In the present political climate, fear sells, and nothing sells better than the specter of "homegrown terrorists" to frighten the kids and send you scurrying for the nearest roll of duct tape. Coming on the heels of an alarmist report released by the New York City Police Department's intelligence division, Radicalization in the West and the Homegrown Threat, the hunt for antiwar leftists allegedly in cahoots with "jihadists" and "Islamofascists" is on.

Ridgeway and Casella inform us,
Both the legislation and the report are presented as reasonable, rational responses to the threat of terrorism from domestic "extremist" groups and are framed not as plans for action but as efforts to "study" and "understand" the roots of homegrown terrorism. Both promote precisely the kind of broad approach--targeting beliefs rather than actions, assuming that "radicalization" leads to violence, defining terms loosely and casting a wide net--that has been used in the past by government authorities to monitor and disrupt legitimate dissent as well as illegal plots.
Like the FBI's infamous COINTELPRO program and the CIA's MHCHAOS to name but two of a panoply of repressive state programs to "neutralize" threats to the status quo, today's "red hunters" seek to criminalize your thoughts even before you've acted upon them. Surfed over to the World Socialist Website or The Electronic Intifada lately? Then you'd better watch out! You might find yourself hauled before the National Commission on the Prevention of Violent Radicalization and Homegrown Terrorism.

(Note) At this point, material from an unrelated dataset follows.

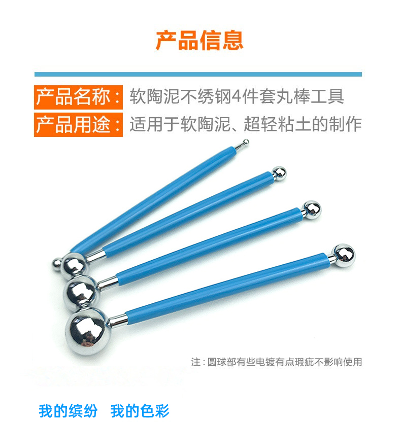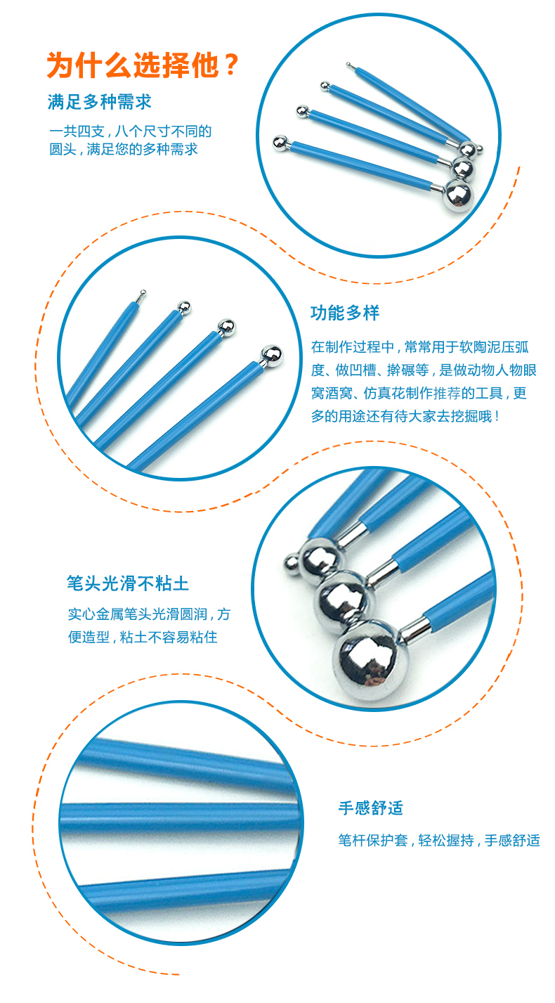 不锈钢丸棒超轻粘土圆头实心4件套8头DIY软陶泥眼窝翻糖装饰工具

Charged with holding "hearings" across the country The National Commission can conduct broad investigations under its congressional mandate, and question people under oath about their ideological beliefs. Ridgeway and Casella continue,
Wherever it may ultimately lead, the bill seems clearly part of a growing push toward expanding domestic intelligence operations—spying that is aimed not at any Al Qaeda members who may have slipped across the border, but at U.S. citizens and legal residents. The great civil libertarian Frank J. Donner, in his book The Age of Surveillance: The Aims and Methods of America's Political Intelligence System, argued that the true goal of domestic intelligence was not to prevent or punish criminal activity, but to protect existing power structures and suppress dissent. Unlike law enforcement, which deals with illegal actions that have already been committed, domestic intelligence is by nature "future-oriented": It is not looking for criminals, but potential criminals, and it does so by relying on "ideology, not behavior, theory not practice." Anyone who thinks the wrong way could at some point act the wrong way--so they have to be watched.
A bipartisan affair, this onerous legislative effluvium was opposed by only six House members when it passed back in October. When the bill is introduced later this year in the Senate, civil libertarians and other opponents expect it to become law.

Feeling safer?

1 comment:

Anonymous said...

What happened to all the liberty Bush says we have and need to spread? How would one educate children now? Who's to say which way to think is " right" or " correct" ? How do we know people act on thoughts?

This is an abominable action taken against the citizens of this country by the elected citizens of this country.